The Boston Globe has an editorial in the Sunday paper today about the cost of buying a home, and how it’s expensive. At least, expensive, in their opinion. They use data presented by the Center for Housing Policy, a Washington DC think-tank.
However, as is often the case with those with an agenda, they are selective in the data they use, in order to make their point. And, their point is, people can’t afford to buy a home.
If you do an in-depth analysis of the data, however, you’ll find great big holes in their argument.

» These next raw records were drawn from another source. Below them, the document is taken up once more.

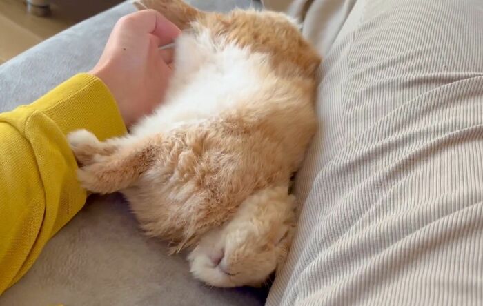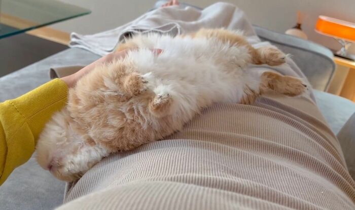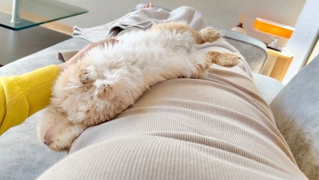 公開された動画を見てみると、お昼寝中のいなりくんが飼い主のお腹に乗って横になり、足を投げ出してスヤスヤ…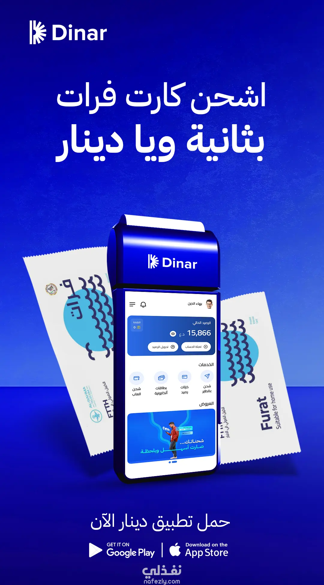 تطبيق دينار هو تطبيق عراقي يقدم خدمات مختلفة مثل شحن الالعاب و شحن كروت الرصيد و غيرها من الخدمات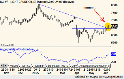 - Michael points out that Crude has breached a potential inflection point at $65, representing the intersection of a 5-month downtrend line and horizontal resistance.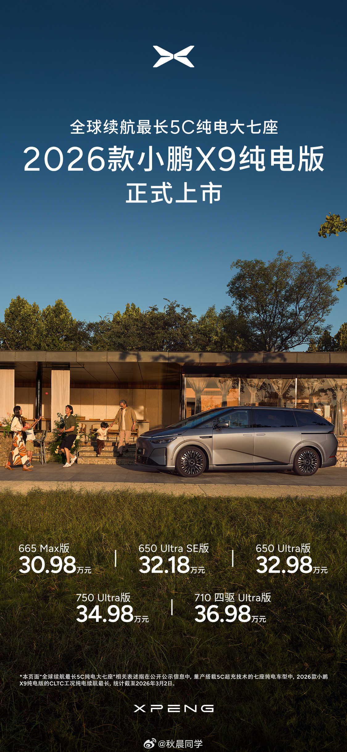 新款小鹏X9纯电版正式上市,售价30.98万元起: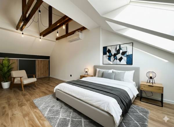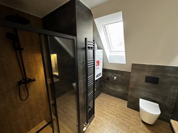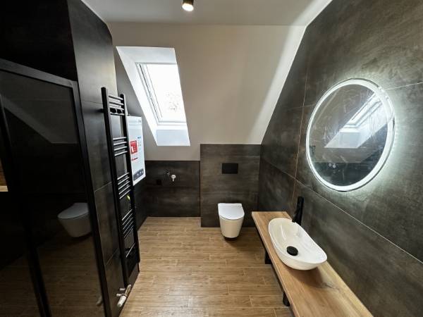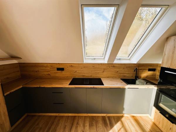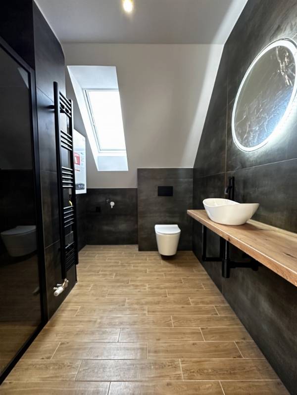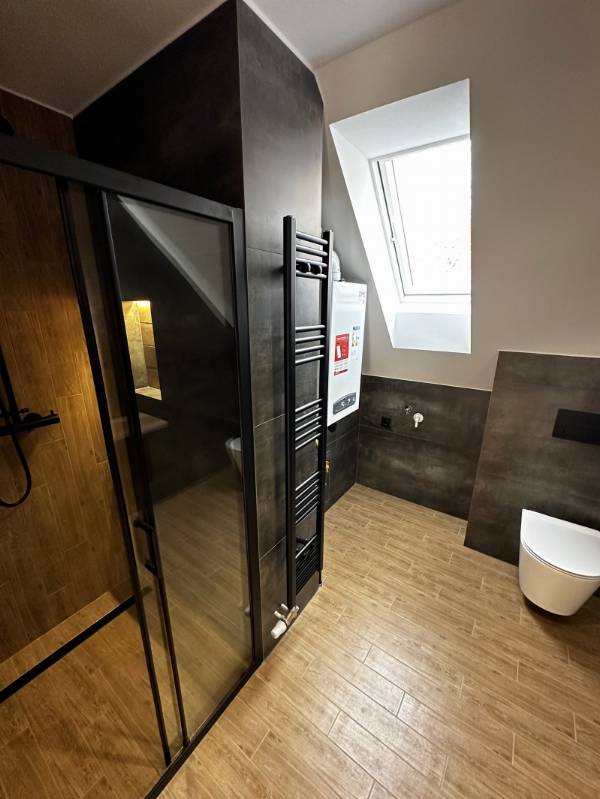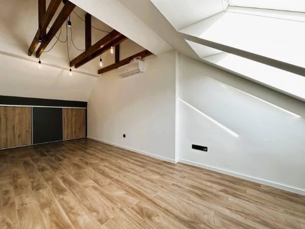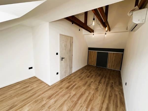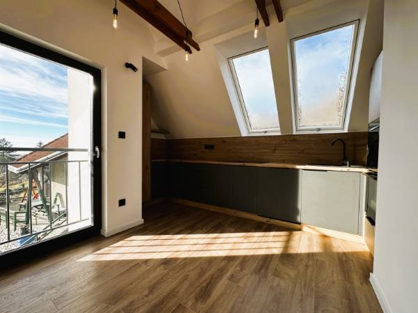 Pécs egyik legkedveltebb utcájában, a Mecsek lankáin, a Bálicsi úton eladó egy tetőtéri, bruttó 65 m²-es (nettó 50 m²), 1 hálószobás + amerikai konyhás nappalis lakás egy újonnan kialakított, mindössze 3 lakásos társasházban. A lakás kialakításánál a cél egy modern, exkluzív és hosszú távon is értékálló otthon megteremtése volt. Főbb jellemzők – Tágas amerikai konyhás nappali – Egyedi, teljesen gépesített konyhabútor (mikró, sütő, indukciós főzőlap, elszívó, hűtő, mosogatógép) – Nagyméretű hálószoba tolóajtós beépített szekrénnyel – Extravagáns fürdőszoba + külön WC – Hűtő-fűtő klíma – Padlófűtés – Prémium burkolatok és különleges világítástechnika Műszaki tartalom – 3 rétegű üvegezésű tetőtéri nyílászárók – Távirányítható motoros redőny a hálószobában Elosztás – Privát kertből minőségi, tömör fa lépcső vezet a lakószintre – Bal oldalon a tágas hálószoba, jobb oldalon a fürdőszoba WC-vel – Különlegesség: 2 egymás melletti tetőerkély a nappaliban Külső terek – Privát kertkapcsolat – Nagyméretű terasz Garázs – 16 m²-es garázs, motoros Hörmann kapuval – Garázs ára: 7,9 M Ft Ideális választás igényes fiatal pároknak, egyedülállóknak vagy befektetőknek, akik a Mecsek-oldal nyugalmát és prémium minőségű otthont keresnek. Ha egy igazán különleges tetőtéri lakást szeretnél Pécs egyik legjobb részén, egyeztessünk időpontot és nézd meg személyesen! (A képek között AI home staging fotók is találhatók.)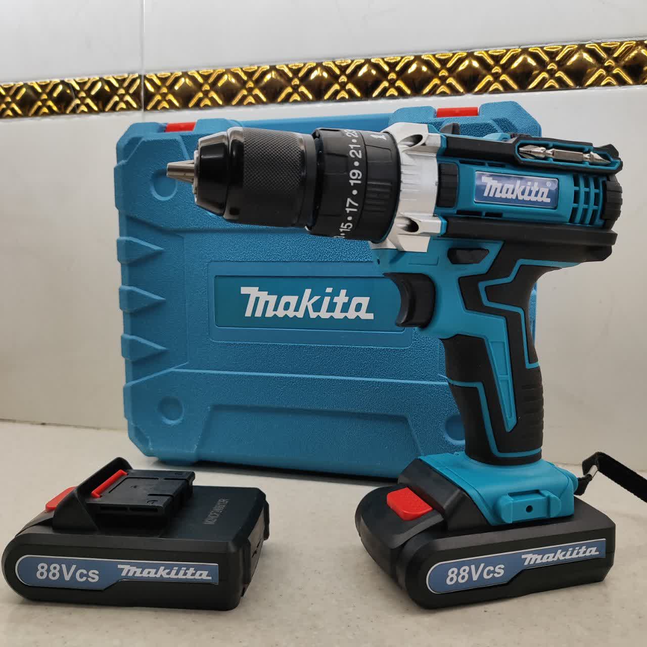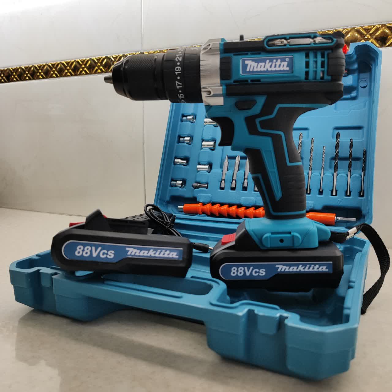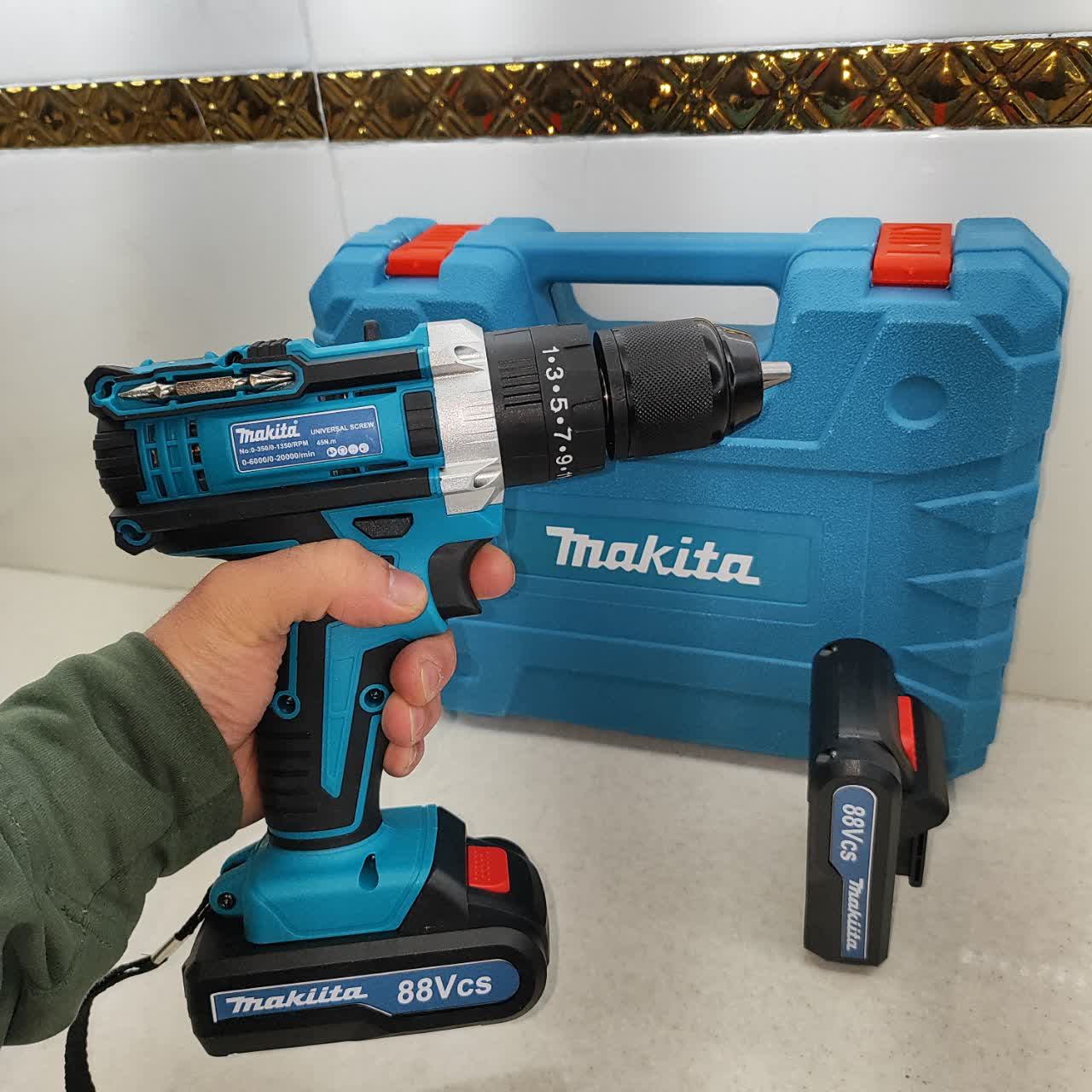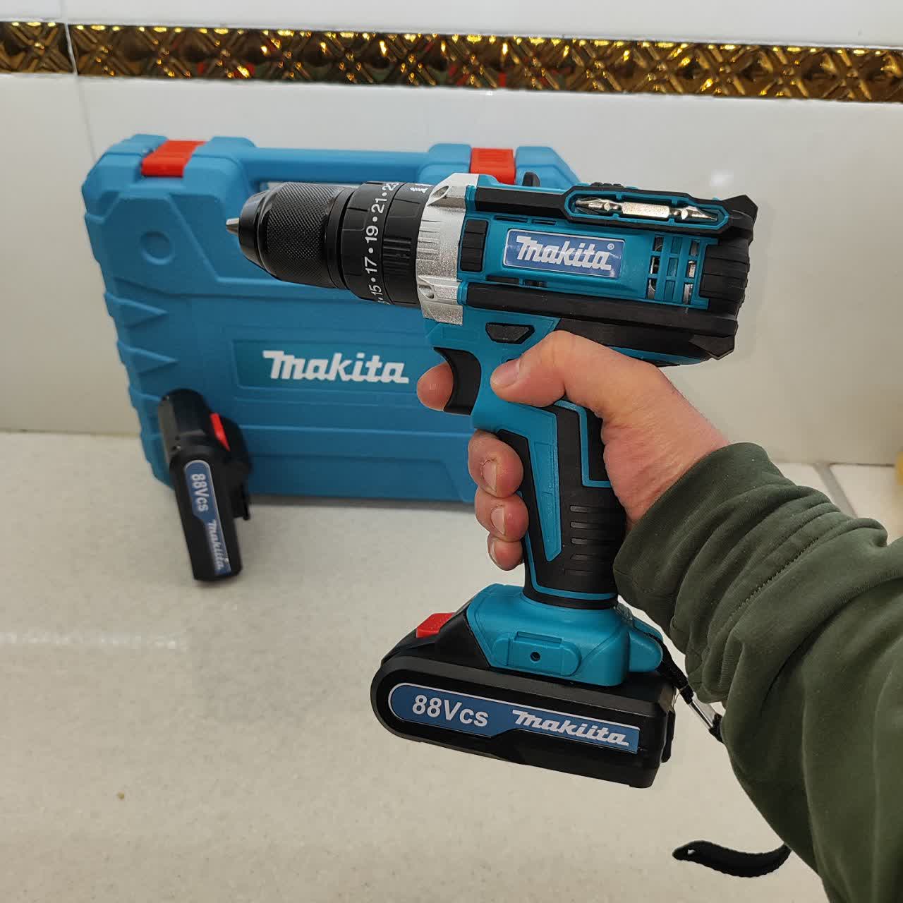 دریل شارژی چکشی 88 ولت ماکیتا دوباتری سه نظام فلزی دارای تراز پیچگوشتی شارژی 88 ولت ماکیتا با کیف و لوازم جانبی کامل
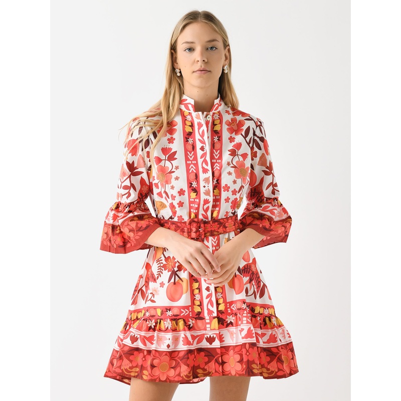 DESCRIPTION:A whimsical mini dress adorned with large ruffle trims and an enchanting floral print.FEATURES:High NecklineHalf-Length SleevesRuffle CuffsHidden Button PlacketAdjustable BeltFlounce HemMini SilhouetteAll-Over Novelty Print100% CottonClassic Fi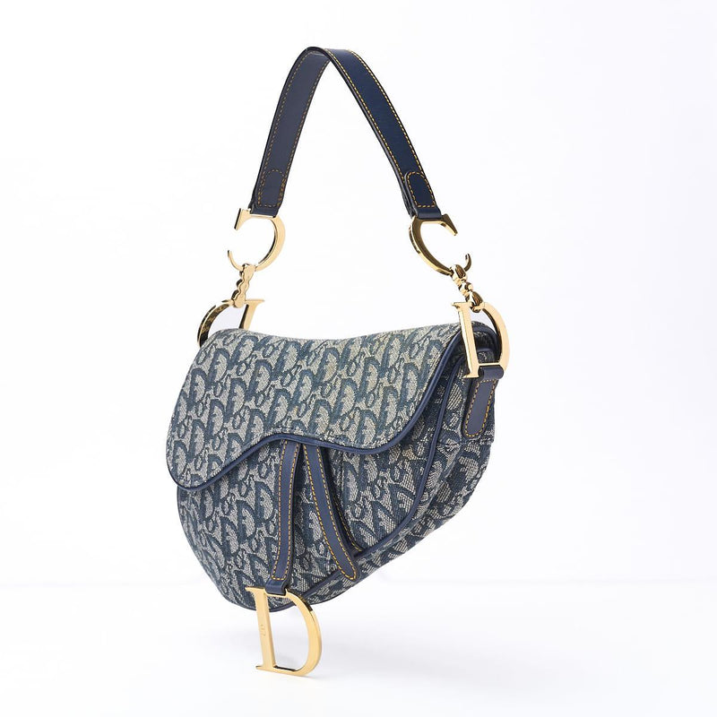 Gebrauchte Trotter Satteltasche Canvas, Leder, Marineblau, goldfarbene Metallteile, Gebraucht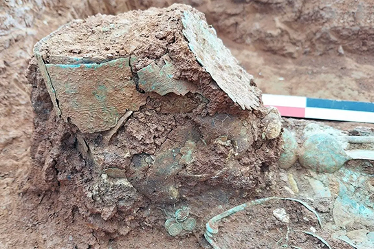 مقبرۀ بانوی تاجدار سرشار از انواع گورنهادهها از جمله تزئینات برنزی است

Experts recommend that your housing expense be less than 30% of your gross income. If a nurse working in downtown Boston makes the median annual income of $61,000 and the median cost of a home in Boston is $335,000, the Globe says, it follows that a nurse cannot afford to buy a home.
Maybe a single person making $61,000 couldn’t afford a two-bedroom home in Back Bay, but is it possible that a single person making $61,000 could find a one-bedroom condo to live in, somewhere else, within their price range? They don’t say. They use gross generalities to make their point.
There are more holes in their argument.
Everyone always talks about how the cost of housing shouldn’t be more than 30% of your income. Good enough. But you should analyze your actual (real) cost of housing.
Here’s an example: If you buy a $335,000 home, and put down 10%, or $33,500, you’d be getting a $300,000 mortgage (I’m rounding).
Your $300,000 mortgage would run you about $1,800 at today’s fixed-rate 30-year jumbo mortgage loan rate of 6%. Add to that your property tax ($300 per month) and your condo fee (if you’re buying a condo) of $200 (should be less) and you’re at $2,300. However, you need to reduce your annual housing cost by the very generous tax deduction for interest paid on your mortgage (you’d pay about $17,880 in interest, in the first year), which could be about $4,800, or $400 per month. You also get a resident exemption on your Boston property taxes, of about $1,200 each year, or $100 per month. Therefore, your monthly housing cost is back to about $1,800.
That’s 36% of your monthly income. Not 30%, of course, but not too bad.
Now, of course, that’s a single person making the median income, buying a median priced home, not a single person buying a median priced one-bedroom condo in an outer-neighborhood of Boston (JP, Roslindale, West Roxbury, Dorchester, Roxbury, South Boston, Allston, or Brighton), which might be considerably less.
Another hole is, it’s one thing to say home prices have risen by 20% from 2003 to 2005, while incomes have stagnated, but you also need to include in your comparison the interest rates during that time period.
For example: Today’s $336,000 home would have cost $280,000 in 2003 (if you use their 20% increase figure).
Using bankrate.com’s historical rate chart, I see that the average national rate of a 30-year fixed mortgage loan was 6% in 2003 (I used the jumbo rate in my earlier example, because I forgot you don’t need a jumbo rate). The chart says the average national rate of a 30-year fixed mortgage loan now is 5.4%.
Suppose that, three years ago, a nurse was making $55,000. The nurse would need to spend $280,000 to buy the median-priced home. This means, with 10% down, his/her loan payment would be $1,510 per month. Today, based on a 3% salary increase for each of the past three years, the same nurse would be making $59,500, and would need to spend $335,000 to buy the median-priced home. This means, with 10% down, his/her loan payment would be $1,693 per month.
The nurse would be paying $183 per month more in mortgage loan payments in order to purchase the same home, three years later.
However, the nurse is grossing $375 more, per month.
Therefore, today, the nurse is spending LESS per month on housing, than three years ago – $192 less, per month.
In my opinion, anyone of any means can afford to buy a place to live, somewhere in the City.
Boston Globe Editorial
Got money? That’s the increasingly pressing question facing Americans who want to buy homes. Median housing prices have risen 20 percent nationally from 2003 to 2005, but salaries are lagging, according to research from the Center for Housing Policy, a nonprofit organization in Washington.
The center puts human faces on the problem by comparing earnings in 63 occupations with median housing costs in 183 metropolitan areas. A website creates graphs that show who can afford what, assuming people spend 30 percent of their income on housing.
For example, the median income of registered nurses living in Boston is just over $61,000. But to afford a house in Boston, where the median price is $335,000, a nurse would have to earn $112,581.
One solution is to add another income by getting married — to someone earning about $52,000. But based on median salaries, this could mean refusing to wed a number of workers, including police officers, accountants, carpenters, electricians, and plumbers.